One bright spot for HD: New Cars
Fri Mar 14 13:23:43 EDT 2014
There is one bright spot in HD radio's future:
Many, many new cars come standard with HD now. Given the fact
that a significant, in fact maybe, the majority of broadcast radio listening
is done in cars..... If ALL models from ALL auto and truck manufacturers
came standard with HD Radio, then that would be a big boost for HD. Sure, it
would take 5 or 10 years until most of the new cars became used cars
and most eveyrone had a car with HD, but still, it just may happen that
--a good chance with FM HD, but doubtful AM HD. AM HD does sound as
good or nearly as good as Analog FM but they probably should just give up
on AM HD now unless the licencing and equipment costs dramatically decline,
enough so, that even the smallest AM's can afford to add HD. But that's not
likely to happen.
----- Original Message -----
From: "Scott Fybush" <firstname.lastname@example.org>
Sent: Thursday, March 13, 2014 7:09 PM
Subject: Re: Stronger HD Signals
On 3/13/2014 2:46 PM, Nickolas Noseworthy wrote:
> The more options and variety
> you put on your main channel and sub-channels, coupled with more
> power, it seems only logical that an increase in listernship would
> occur. Which would mean more revenue. Please tell me if I'm wrong.

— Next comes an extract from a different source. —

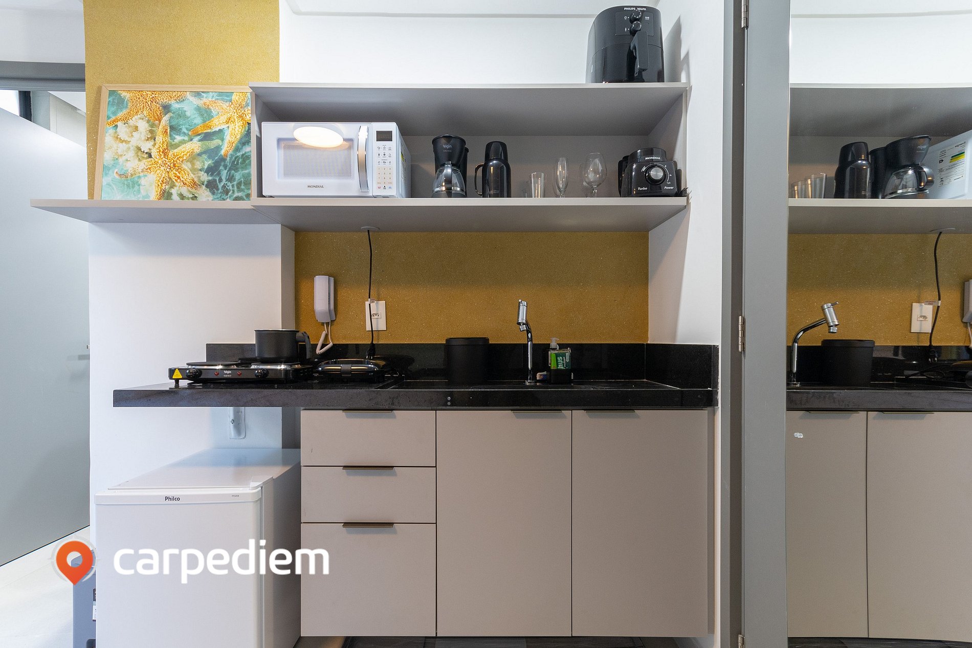 • Cozinha compacta e equipada: completa para o dia a dia, com cooktop, frigobar, micro-ondas, airfryer, liquidificador, máquina de café, garrafa térmica, torradeira, além de panelas, louças e talheres.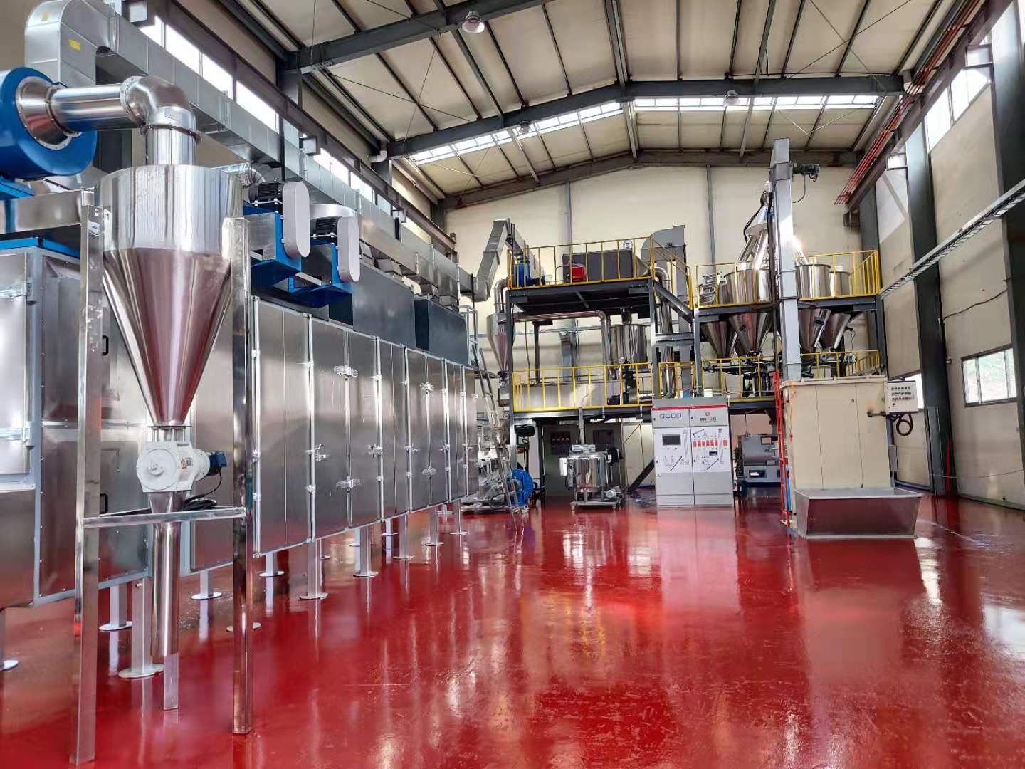 技術方面寵物食品生產線設計自動配料混合粉碎系統、雙螺桿擠壓膨化機、環流帶式干燥機,真空噴涂機,運行設有自動控制中心。整套設備全部自動運行。降低勞工成本投入,低成本,高產能。

That was certainly the theory when this all started a decade ago. But
the radio industry didn't understand that the radios weren't going to
sell themselves, and until recently there's been no coherent
industry-wide effort to do what the SiriusXMs and Sprints of the world
have done: provide incentives to the electronics industry to support
The kids in the blue shirts at Best Buy get kickbacks when they sell a
satellite radio or a Verizon cellphone. They don't get anything extra
when they sell an HD Radio. Which do you think they'll push harder when
Joe Consumer walks in the door?
And on a larger scale, the satellite and wireless companies are paying,
heavily, to be in the dashboard of your next car. HD, not so much.
That's why it's a near-certainty that whatever you buy next will come
with a SiriusXM trial and, soon, with a wireless data connection. The
radio industry let a decade of that go by before it tried to fight back,
and now it's probably too late.
Also, the big guys with the HD signals - Clear Channel, Entercom,
Greater, CBS - have spent literally hundreds of millions of dollars
ensuring that they have exclusive use of the scarce full-power FM
signals in markets like Boston. How much would they have to charge an
independent AM like WNTN or WUFC or (not that he'd ever pay it) WJIB to
make the extra potential competition worth it?
And what ethnic broadcaster will shell out thousands of dollars a month
to lease an HD channel that few listeners can hear, when they can spend
that same money, or less, putting a pirate signal on the air that
everyone can hear on analog FM?
It's a tough economic case to make right now for HD.